Multiple myeloma

Living with an incurable cancer

March 20, 2019 Word for Word Media 0Comment

Though Fareed Bruintjies’ (47) story encompasses just about everything that can go wrong in a cancer survivor’s journey, he’s emerged more determined than ever to do battle with his persistent illness. 


With Fareed’s diagnosis, of multiple myeloma, carrying a median survival rate of four years, he accidentally bumped into a patient who’d survived the same cancer for 12 years in the chemotherapy room.

That woman, 11 years his senior, had undergone multiple treatments for 10 years. He realised that there was strength in the support of fellow survivors. Her very existence confirmed the hope he’d picked up on, in researching the disease, a beacon for optimism. Fareed was optimistic and he knew he would have access to the best treatment. He shares his story in his own words.

Bodily aches hide a cancer diagnosis

When lower back pain, I had felt in December 2014, persisted through January 2015, I finally went to see a GP. I informed the doctor that I had been zip-lining in December and probably hurt my back in the process.

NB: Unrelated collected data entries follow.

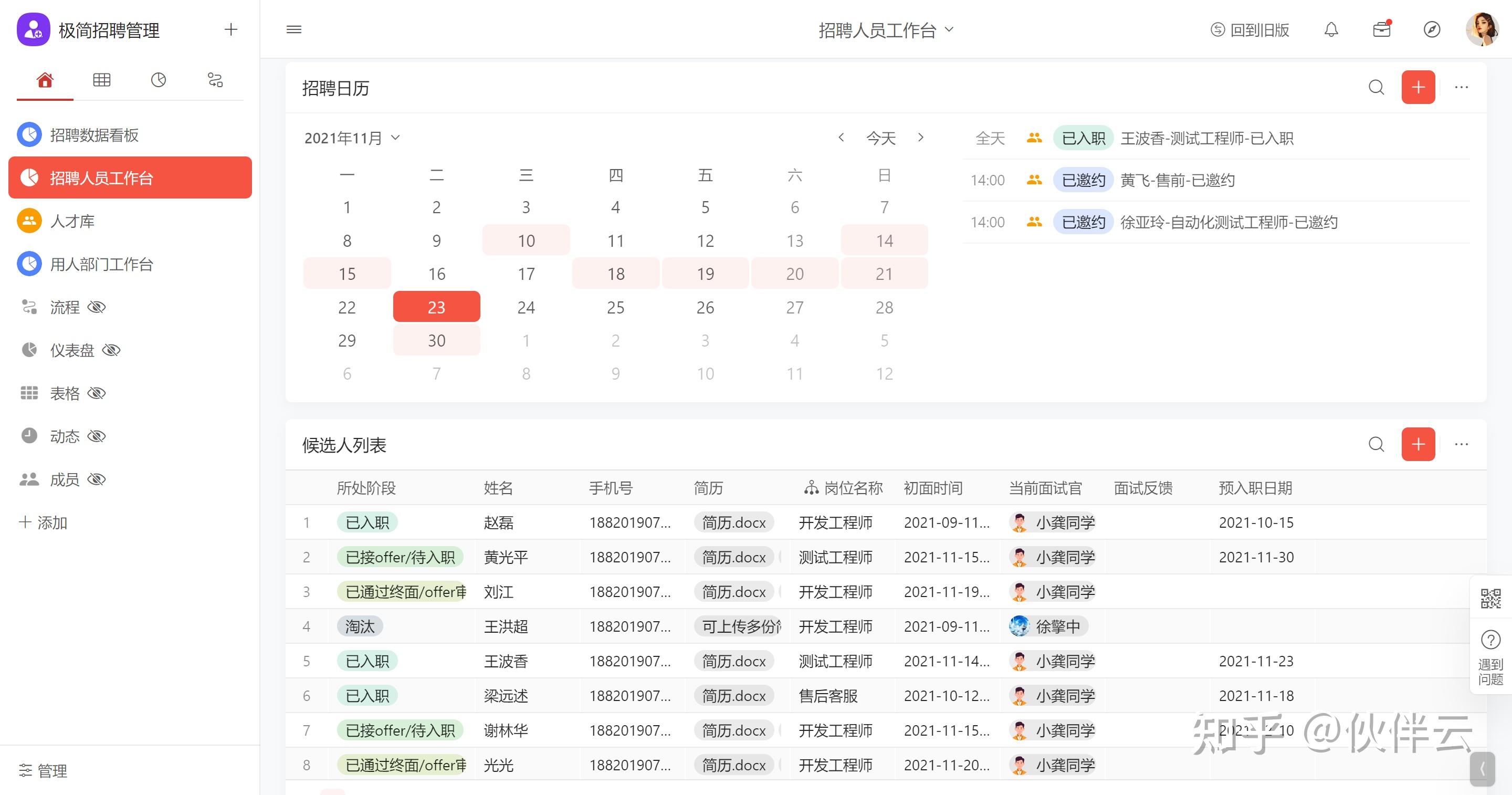 伙伴云提供的极简招聘模版,可以直接套用!只需要将相关数据填进去,就可以自动生成报表,可以减少80%的招聘做表时间!
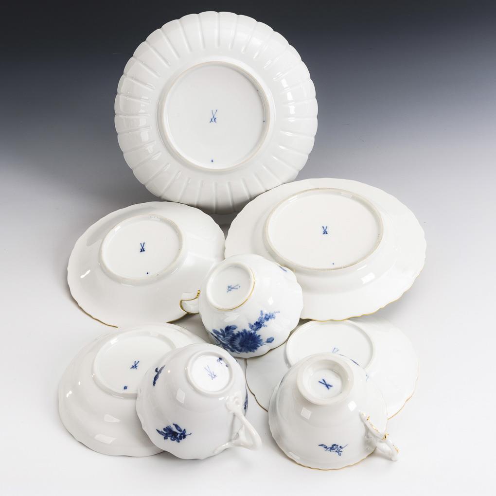 Coffee and tea cup in the form "New Cutout", each with saucer. / Coffee set with rocaillerie rim. / Fan bowl (Ø 20.5 cm).
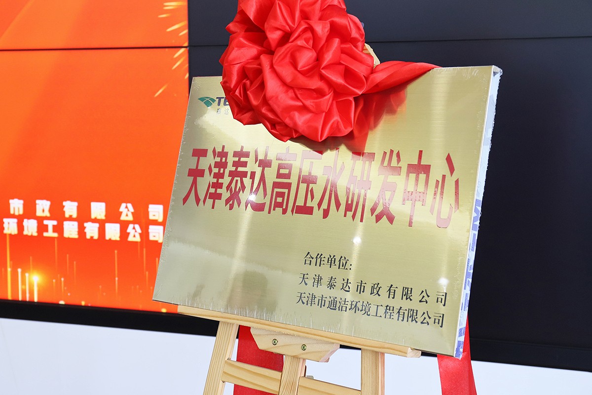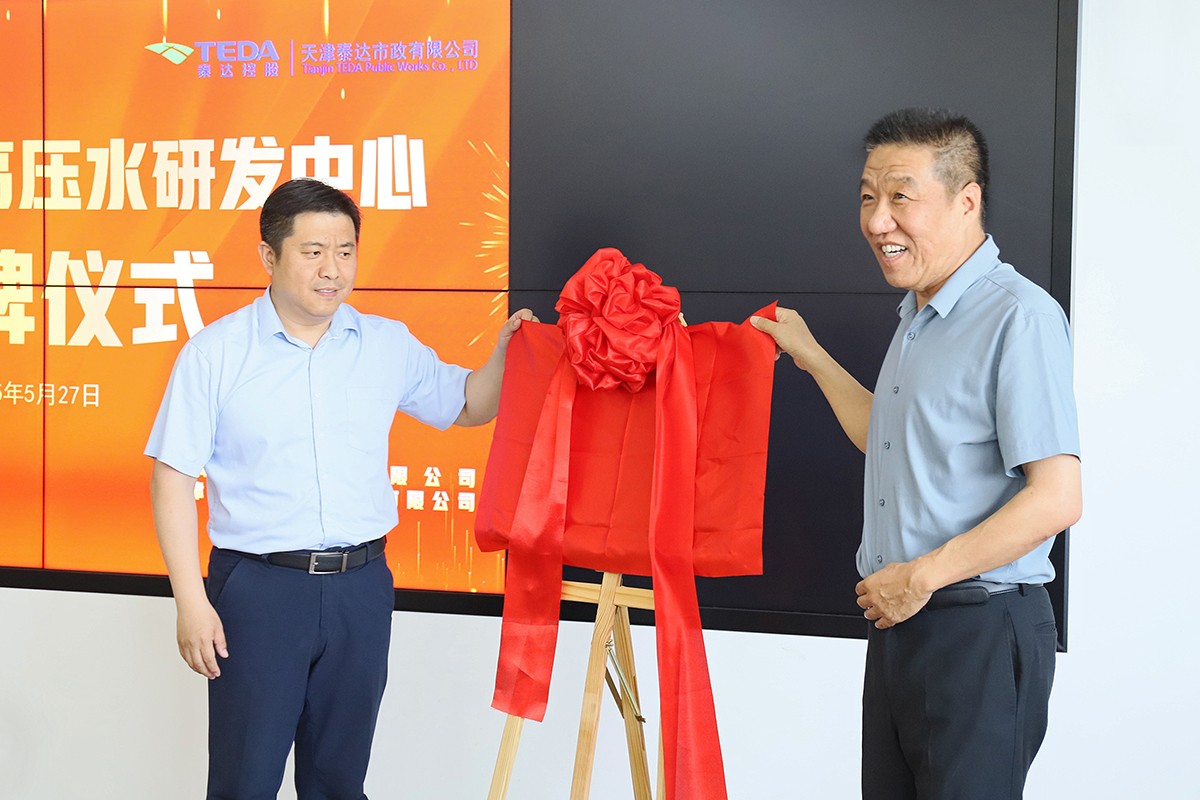 2025年5月27日下午,"天津泰達高壓水研發中心"揭牌儀式在天津濱海新區隆重舉行。天津泰達市政有限公司總經理劉鈺同志、副總經理杜強同志,天津市通潔環境工程有限公司董事長齊永健齊總等領導嘉賓出席儀式。來自政府相關部門、行業權威機構、知名企業代表齊聚現場,共同見證這一推動高壓水技術發展的重要時刻。
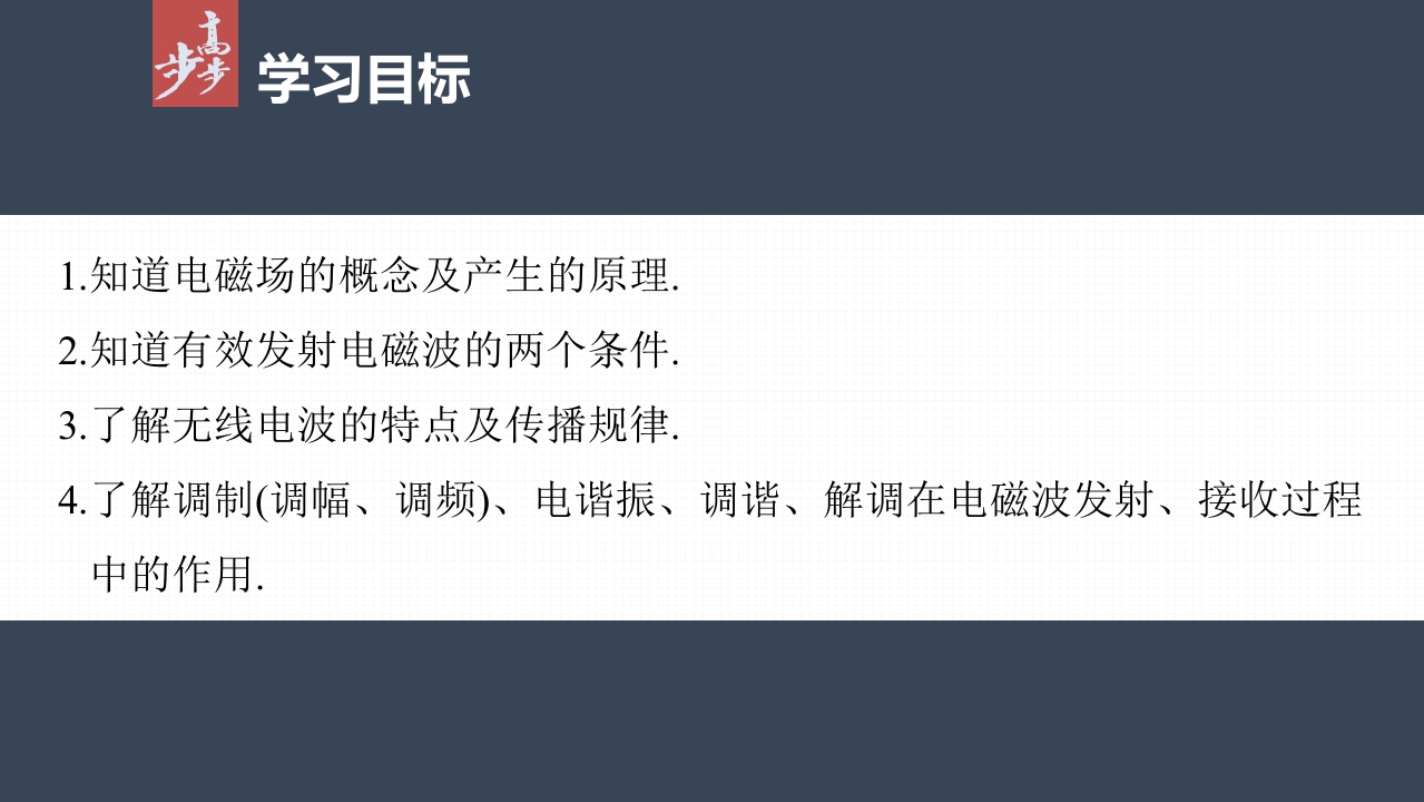 第四章 2 电磁场与电磁波 3 无线电波的发射和接收348072@abc17小时前发布关注私信1MB56页027第四章 2 电磁场与电磁波 3 无线电波的发射和接收此内容为付费资源,请付费后查看¥9¥20黄金会员免费钻石会员免费立即购买您当前未登录!建议登陆后购买,可保存购买订单付费资源 第1页 / 共56页 第2页 / 共56页 试读已结束,还剩54页,您可下载完整版后进行离线阅读 THE END初中教育小学教育高中教育 文本预览 第四章DIANCICHANGYUDIANCIBOXEJIESH○2电磁场与电磁波3无线电波的发射和接收梳理教材夯实基础/探究重点提升素养/课时对点练 查看更多 收起部分 喜欢就支持一下吧收藏
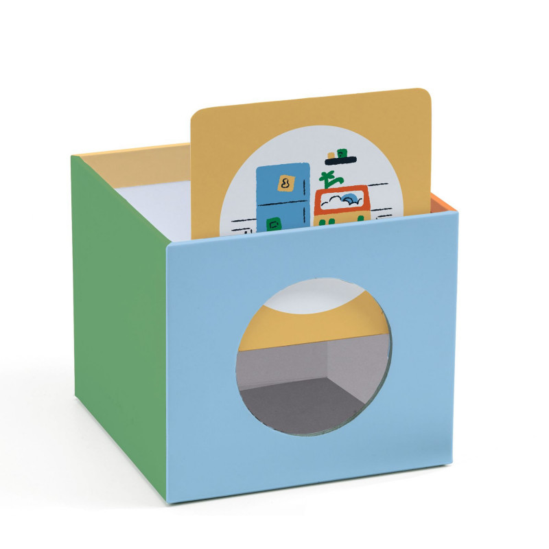 Ett kul och pedagogiskt spel om observation och sortering där barnet ska gruppera olika saker och möbler efter deras plats i hemmet eller en kategori. Vilka saker finns vanligtvis i köket? Vilka saker rullar? Ett kort i taget sätts på plats bakom den runda öppningen i lådan så att attributet syns genom hålet och sedan ska barnet leta efter de polletter som uppfyller kriteriet. De polletter som ser ut att stämma stoppas i lådans springa, som i en sparbössa, och när barnet tycker att hen är klar tas polletterna ut ur lådan ut så att ni kan kontrollera om det är rätt. Korten med kriterier har bilder av de motsvarande sakerna på sin baksida, så ni kan dra ut kortet från lådan och kolla svaret mot bilderna. En kul introduktion till grunderna för sortering, organisering och att städa upp/ställa iordning. Spelets delar är tjocka samt enkla att hantera och den snygga lådan är kul att leka med som en sparbössa. I spelreglerna finns också en förteckning på vad de olika korten med kriterier ska föreställa, till exempel: saker som vanligtvis finns i garaget, saker som är möbler och saker som ger ljus. Ett kul sätt att hjälpa barnet utveckla sin observationsförmåga. Detta spel finns också i motsvarande versioner med leksaker (geometriska former, artikel DJ08145) och djur (kännetecken, artikel DJ08145). Tillverkad av FSC® certifierad kartong. Innehåll: 12 dubbelsidiga kriteriekort (svaret på baksidan), 30 stora polletter med bilder på saker, 1 låda med lock som har öppning för polletterna, spelregler och instruktioner på tio språk inklusive svenska. Från +3 till 6 år. För 1 barn (och en vuxen).
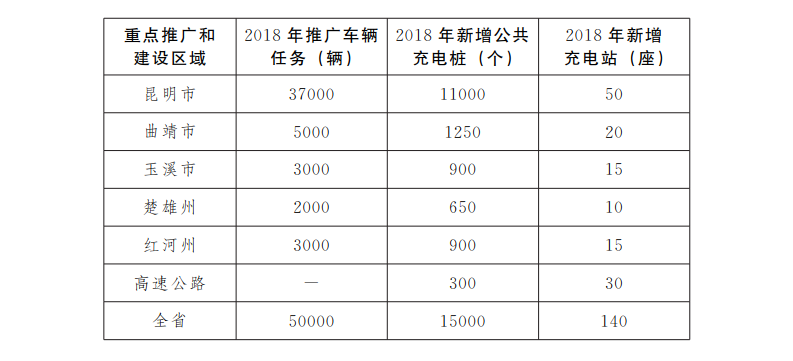 充电基础设施建设目标。按照“桩站先行、适度超前”的原则建设充电基础设施,重点在昆明市、曲靖市、玉溪市、楚雄州、红河州等滇中城市群和旅游城市及景区,加快布局建设充电基础设施,2018年昆明等滇中城市群及城际高速公路新增公共充电桩1.5万个,集中式充电站新增140座以上。其他州、市根据新能源汽车推广情况,积极推进充电基础设施建设。

I got pain killers and anti-inflammatories for the suspected muscle injury. 

Then when I didn’t get better, in April, she referred me to an orthopaedic surgeon who suspected a slipped disc and continued medication, but added a spinal cortisone injection. After that I went for a Thai massage and ended up in the emergency room over a long weekend. Again, they suspected a slipped disc.

By late April 2015, I was on crutches and in a lot of pain, with nerve pain down both legs. I was ordered to stay flat on my back for two weeks and to take a bunch of drugs, which seemed to help. I went to see a chiropractor in May and she got me back on my feet, but the localised back and nerve pain persisted. 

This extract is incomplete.